### What is required
In the data below, repeat the line containing "胜利油田樊页102-1HF井" and every following line exactly, up to and including the last line. Exclude pictures.

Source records
┏━━

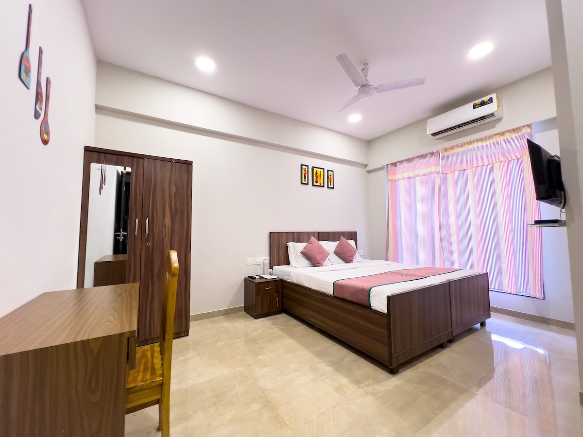Alójate de lujo en nuestro apartamento de 1BHK totalmente amueblado, que ofrece un dormitorio acogedor, dos baños (un dormitorio adjunto, uno común ) y una cocina totalmente funcional con electrodomésticos y utensilios de cocina básicos. Relájate en la amplia sala de estar con un televisor inteligente grande y un elegante diseño interior. Disfruta de muebles de alta gama que crean un hogar lejos de casa. Perfecto tanto para estancias cortas como largas, este apartamento promete comodidad y conveniencia en una ubicación privilegiada en la ciudad. ¡Reserva ahora y disfruta de una estadía excepcional!
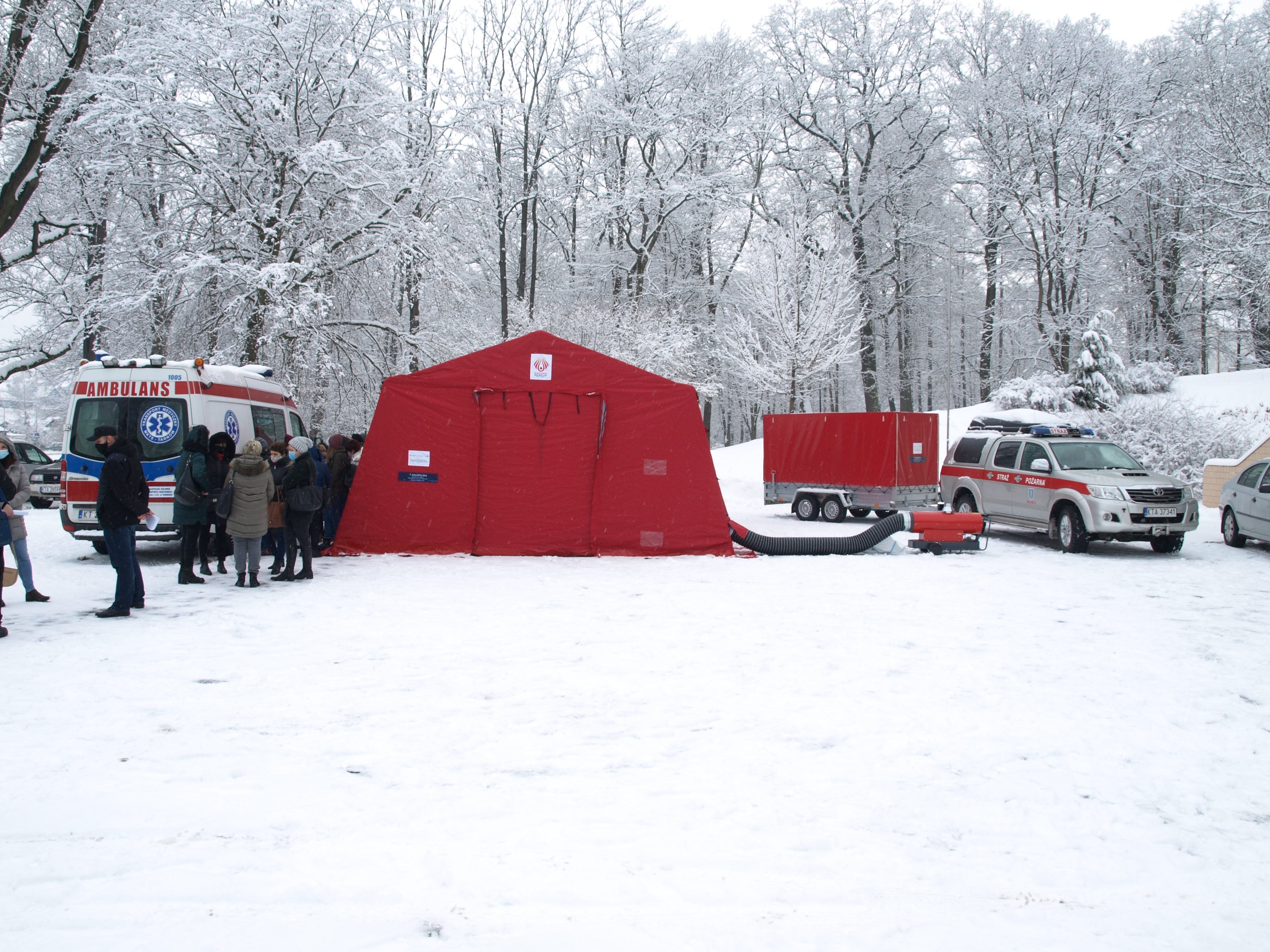 W dniach 14 - 15 stycznia 2021 r. w Tarnowie na placu byłej kapłanówki oraz w Gromniku na placu przy amfiteatrze zostały rozstawione namioty stelażowe służące jako mobilne punkty pobrań w kierunku COVID. W godzinach 9.00-19.00 były przyjmowane osoby które zostały skierowane na tego typu badanie. Rozstawione namioty są własnością strażaków OSP Łęg Tarnowski, OSP Żabno oraz OSP Wojnicz i w ramach walki z korona-wirusem posłużyły do przeprowadzania przez pracowników tarnowskiego pogotowia i sanepidu testu w zakresie podejrzenia zachorowania na Covid-19.
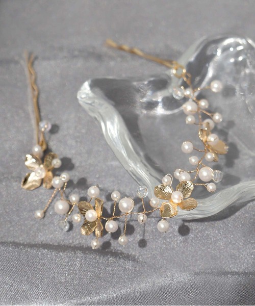 フラワーモチーフとパールの組み合わせが、うしろ姿を可憐な雰囲気に導くヘッドドレス。 頭のサイドやポニーの結び目に沿わせて留めるだけで、簡単にパーティーアレンジが完成します。 ※ATTENTION※ ■微細なキズや製造ムラはすべての商品に含まれます。 <価格改定のお知らせ> 原材料の高騰により、2024/06/01から価格改定をさせて頂きます。 商品タグに旧価格が記載されているものが混在している場合がございますが、 ご了承下さいますようお願い申し上げます。
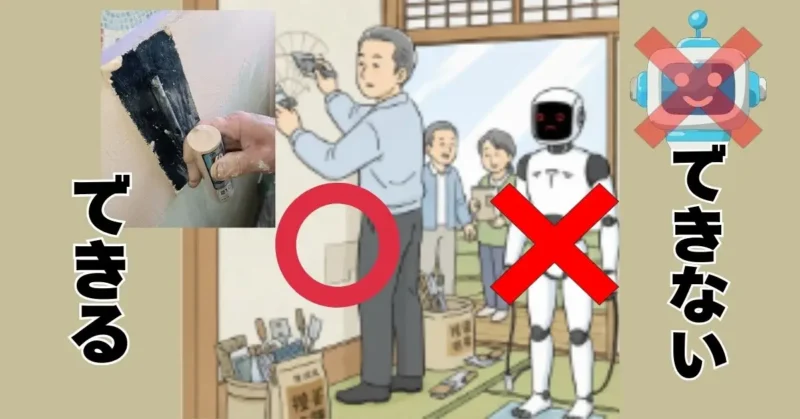 左官の仕事、特に「壁を塗る・仕上げる」という領域は、ロボットにとって最大の鬼門であり、当面の間は奪われることはないと断言します。
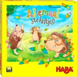 Memory spel Allemaal stekeltjes! is een spel met grappige 3D-egelfiguurtjes, vrolijk dobbelplezier met trekken, raden en insteken. Vandaag verkleden de egelkindjes zich: ze willen graag grote stekels in hun lievelingskleur! Hiervoor moeten de spelers blaadjes in de juiste kleur uit het blaadjeszakje halen. Maar pas op: de wind kan de bladeren flink door elkaar blazen en dan gaan je blaadjes er weer vandoor! De speler die zijn/haar egel als eerste helemaal met blaadjes in de juiste kleur heeft versierd, wint.
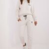 Women’s insulated set, consisting of a sweatshirt and pants, ideal for colder days. Made from a blend of cotton and polyester, it provides warmth and wearing comfort. The predominant melange pattern adds a stylish, casual touch to the set, while small patches subtly diversify the design. The sweatshirt has long sleeves and a practical hood, perfect for inclement weather, while the pants have a high-waisted, waistband adjustable with a tie for a perfect fit. The drawstring-finished legs give the pants a sporty look, while side slip pockets provide convenience. The set is perfect for everyday outings and relaxing in comfortable style.
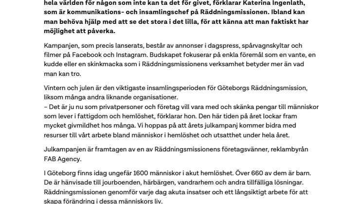 Kampanjen, som precis lanserats, består av annonser i dagspress, spårvagnskyltar och filmer på Facebook och Instagram. Budskapet fokuserar på enkla föremål som en vante, en kudde eller en skinkmacka som i Räddningsmissionens verksamhet betyder mer än vad man kan tro.
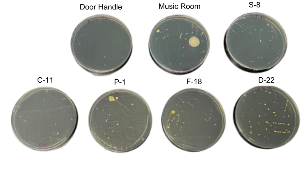 All six passes showed bacterial growth. The only dish that showed little to no growth came from the PAWS door handle—the UV from frequent sunlight may have killed most bacteria.
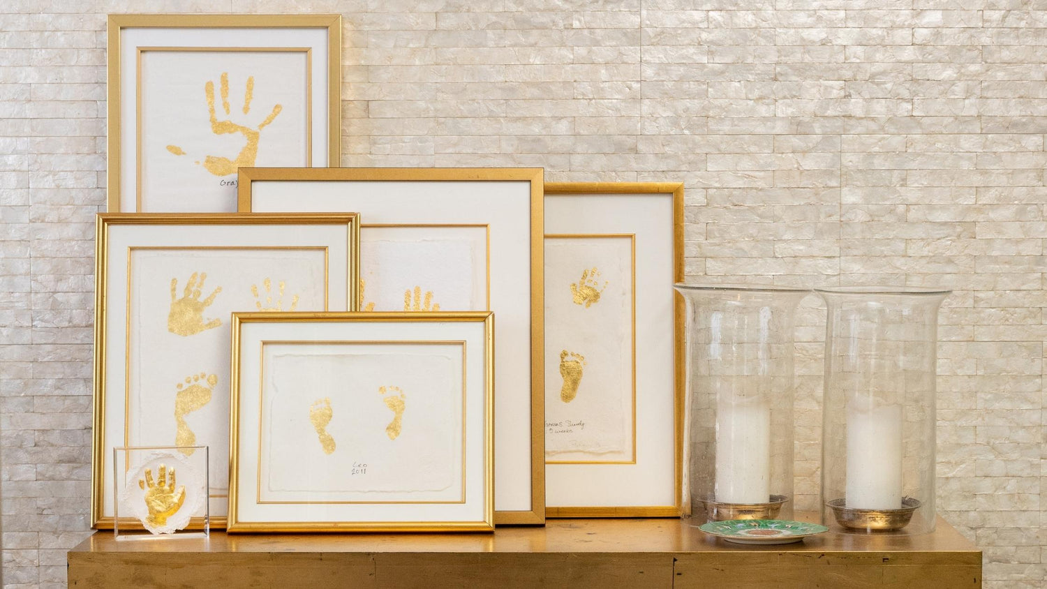Impressions of your baby's (or fur baby) hands or feet captured in 23 karat gold or platinum. They are the perfect gift for newborns, first birthdays, baby showers, and anniversaries.
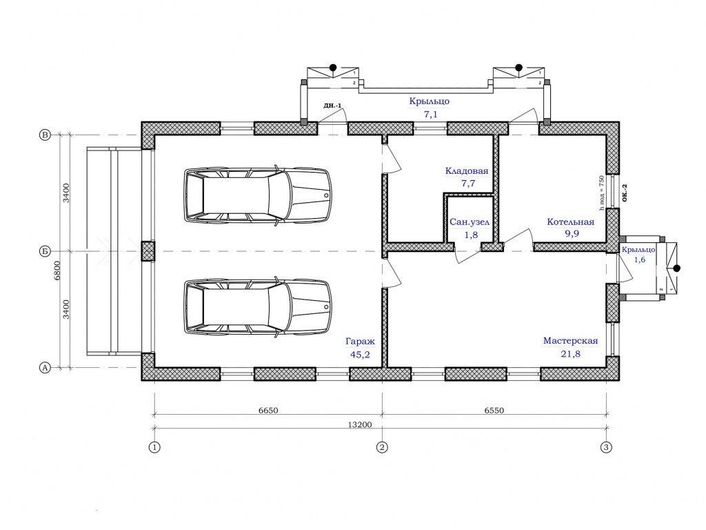 Гараж с расширенным хозблоком
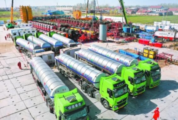胜利油田樊页102-1HF井、樊页102HF井压裂施工现场,员工正在做二氧化碳注入任务的准备。
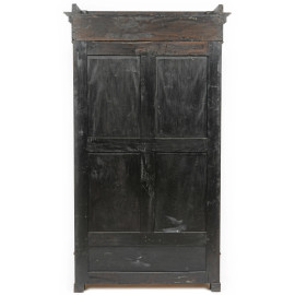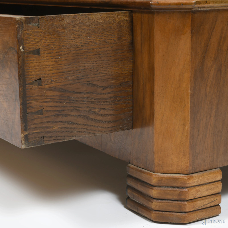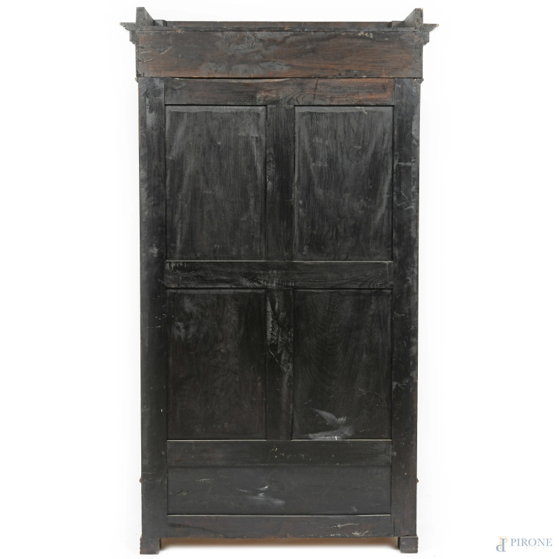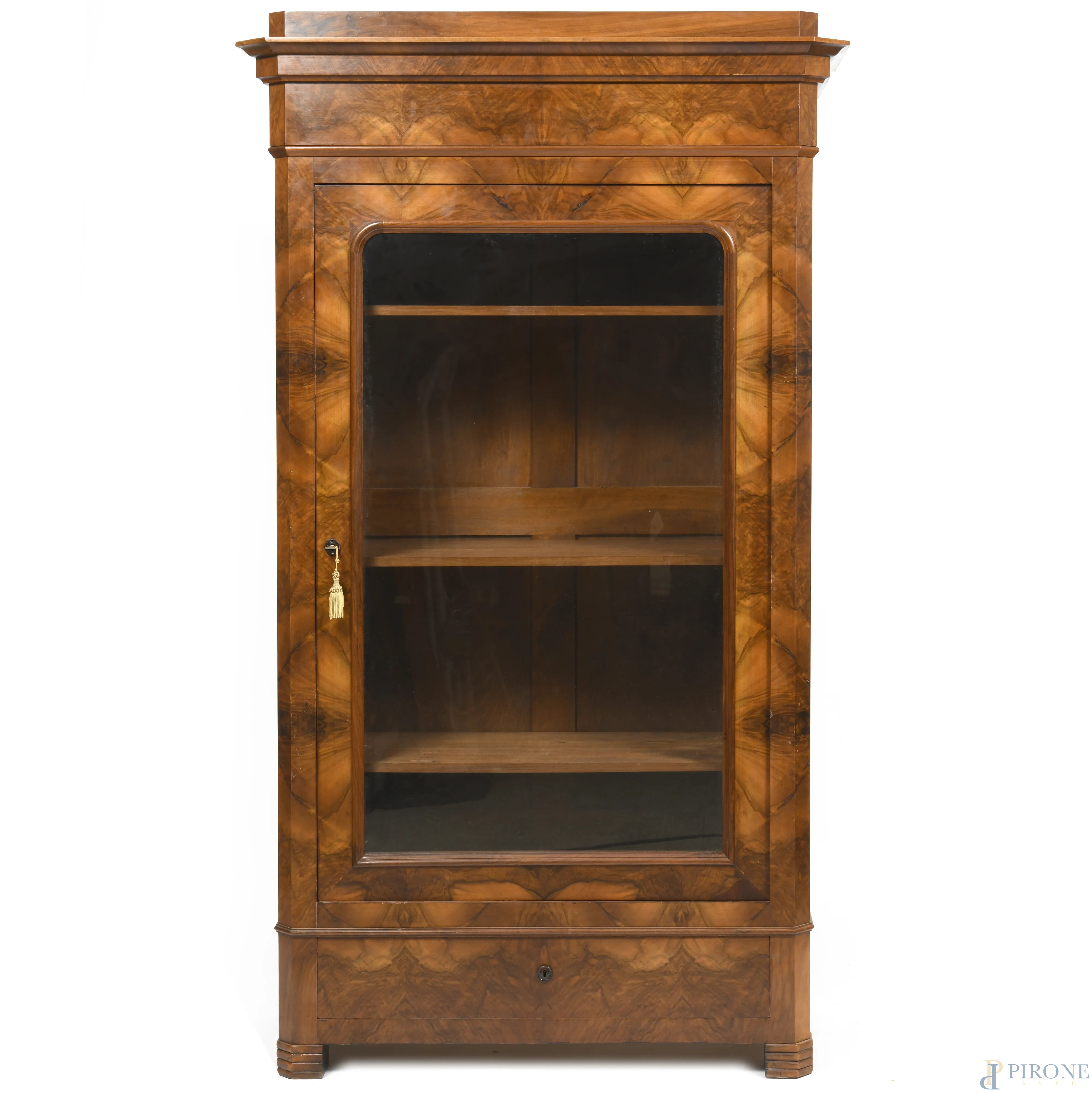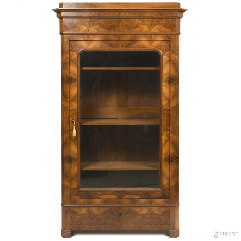 Mobile vetrina in legno impiallacciato in noce e radica di noce con anta singola e cassetto alla base. XX secolo, cm 204x118x52, (segni di usura, scalfiture, difetti)

┗━━

### Response for this exercise
胜利油田樊页102-1HF井、樊页102HF井压裂施工现场,员工正在做二氧化碳注入任务的准备。
 Mobile vetrina in legno impiallacciato in noce e radica di noce con anta singola e cassetto alla base. XX secolo, cm 204x118x52, (segni di usura, scalfiture, difetti)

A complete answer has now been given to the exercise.